Over the following year we saw Momentum being greatly restricted from being any kind of movement to transform the Labour Party into a socialist organisation, as many members had envisaged. Mandatory reselection of the Parliamentary Labour Party traitors and saboteurs was quickly ruled out. Thousands of socialists have been barred from joining and the Weekly Worker has kept us informed of the witch-hunts being carried out by the Labour right, with not a word of protest from Corbyn and McDonnell - both even abandoned Ken Livingstone over spurious charges of anti-Semitism.
The PCS executive is dominated by the Socialist Party in England and Wales, with a few Socialist Workers Party and Scottish Socialist Party members, and PCS recently carried out a consultation with branches on the question of the relationship to Labour. No doubt to Mark Serwotka’s intense disappointment, two thirds of the branches responding were dead against PCS affiliation.
I think there are three reasons for this. Firstly, the culture of expected civil service neutrality has quite a hold - the belief that the job of civil servants is to implement the policies of the elected government. There must also be a fear that, were PCS to align itself to any political party, we will pay for this if that party is not the government. Secondly, the treatment of civil servants by the last Labour government, which brought in office closures, benefit sanctions, thousands of job cuts, outsourcing and privatisations. Thirdly, Corbyn isn’t the Labour Party and he (and his policies) will be attacked if Labour does not win the election. Most activists would only want to be affiliated to a Corbyn-led Labour Party.
That consultation result means PCS will not now be debating the question of affiliation. The NEC’s motion A57 reaffirms the policy of standing or supporting candidates in line with the principles endorsed by the 2012 membership ballot. But, since the NEC drafted that motion, there has been the announcement of the snap general election and the very recent agreement of the Trade Unionist and Socialist Coalition not to stand on June 8. I now expect an NEC emergency motion!
However, my branch has already sent in an emergency motion informing members of the Labour manifesto pledges that are in our interests and calling on PCS to recommend that members consider voting Labour on June 8. The NEC may support my motion or may take a different stance. Either way, it will be a historic PCS conference debate.
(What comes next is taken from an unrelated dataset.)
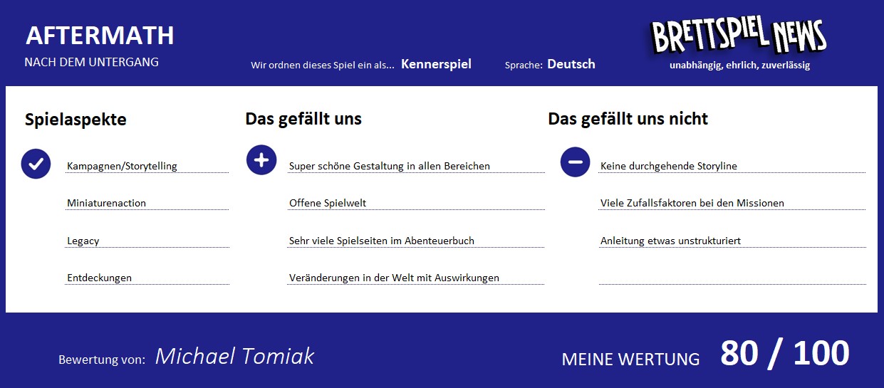 TEST // AFTERMATH – NACH DEM UNTERGANG - Fazit + Wertung + Bilder vom Spiel

I would not have moved that motion, were Corbyn not the leader and if his manifesto wasn’t so radical, compared to more recent Labour manifestos. I do not agree that any Labour government is better than any Tory government. I registered and paid to be a Corbyn supporter twice, but even I can see that this leftwing manifesto will be it for another generation if Labour loses on June 8. Every vote counts and PCS needs to do its bit and get a bit of working class consciousness. Most members I have spoken to have fallen for the ‘Corbyn is a weak leader and not prime minister material’ narrative of the Tories and mass media. We have to get the policies across.
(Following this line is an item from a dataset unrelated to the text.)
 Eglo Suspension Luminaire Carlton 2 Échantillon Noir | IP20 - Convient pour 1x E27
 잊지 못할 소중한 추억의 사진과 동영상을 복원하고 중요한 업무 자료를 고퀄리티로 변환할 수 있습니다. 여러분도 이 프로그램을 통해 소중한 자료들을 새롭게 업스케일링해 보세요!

My branch has also put in an emergency motion calling on the NEC to issue a letter of support for Ken Livingstone - opposing his suspension and calling on PCS to oppose the redefinition of anti-Semitism to include criticism of the Israeli state. This was thanks to the Weekly Worker’s articles and I can surely expect opposition from Alliance for Workers’ Liberty members at conference.
Talking of the AWL, they dominate the PCS faction called Independent Left and last year managed to get, I think, three seats on the NEC. This year they only got one candidate elected - they stood 16 candidates against the 30 of the SPEW-dominated Democracy Alliance - a pact between Left Unity and the PCS Democrats. The rightwing faction called ‘4the members’ are no more, so PCS is probably the only union where the NEC electoral contest is between left factions! ‘4themembers’ unsuccessfully challenged for president and vice-president. Four independents, including myself, came bottom - we had no factional electoral machine to deliver votes for us.
This year’s NEC elections had a lower turnout - just 8.3%. The left (of whatever faction) is not increasing their support amongst members. There has been no national industrial action involving major departments - the past two years has been devoted to keeping PCS in existence after the Tories withdrew check-off (members paying subscriptions via their wages). This forced us to sign every member up via direct debit and we lost 15% of members. But membership levels are now on the way up again.
On pay the NEC are not going for an industrial action ballot of the whole civil service. This might be because of the new anti-unions laws requiring a higher membership turnout and vote in support. The motion does, as usual for PCS, call for joined-up action with other unions.
One motion calls for disaffiliation from Abortion Rights. That will be very controversial and is hard to call. Motion A75 is about the EU referendum and the ramping up of racism, but seeks to redefine it. I am sick and tired of this disingenuous debate over Brexit, where groups like the SWP portray concern over unprecedented levels of immigration as being opposed to any immigration at all. In fact, polls show that 75% of people agree there has been too much immigration in recent years - 34% of black and minority ethnic people feel the same. Given all the major parties, including Labour under Corbyn, are in favour of more managed migration, that makes them racist, according to the SWP. So how can the SWP justify urging people to support Labour? Whenever I am at any left meeting where immigration comes up and I make this point I never get a reply.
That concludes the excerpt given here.